Change 971937 merged by Cathal Mooney:

[operations/software/homer/deploy@master] Change 'anycast_gw' var in int config to represent type of IRB needed

https://gerrit.wikimedia.org/r/971937

Change 973267 merged by jenkins-bot:

[operations/homer/public@master] Adjust homer templates to support anycast gw with single IP

https://gerrit.wikimedia.org/r/973267

Patches to support this have been merged and it's working for the codfw row A/B public vlans, closing task.
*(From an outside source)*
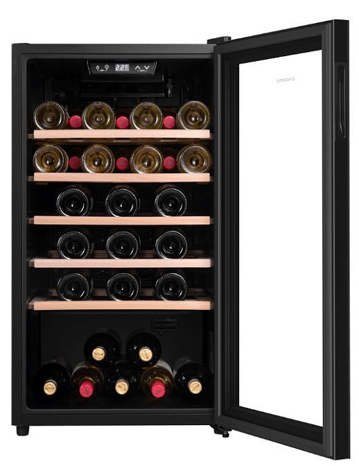 Внутренняя организация продумана для коллекции до 56 бутылок: полезный объем камеры составляет 124 литра, внутри размещено пять съемных и выдвижных полок из бука, что обеспечивает удобный доступ и гибкость при расстановке емкостей разного формата. Встроенный вентилятор совместно с циркуляционным охлаждением равномерно распределяют охлажденный воздух, поддерживая стабильный микроклимат; классический компрессор и экологичный хладагент R600a гарантируют эффективное функционирование, а электронная панель на корпусе позволяет точно регулировать температурный интервал от +5 до +20 °C. Наличие акустической и оптической сигнализации оперативно информирует о любых отклонениях, а возможность перевешивания дверей и правый дверной упор расширяют варианты размещения в помещении.

Just a note on this, I only discovered this document after the task:

https://www.juniper.net/documentation/us/en/software/nce/nce-216-evpn-dhcp-relay/nce-216-evpn-dhcp-relay.pdf

The good news is the approach we landed on matches the reconsolidations exactly. In terms of terminology Juniper use these terms which is good to know:

IRB with Virtual Gateway Address (VGA): The type we use on the private vlans, where each interface has a unique address and the GW is configured as a 'virtual-gateway-address.

Anycast IRB: The type we use on the public vlans, where only the shared GW IP is configured on the IRB int.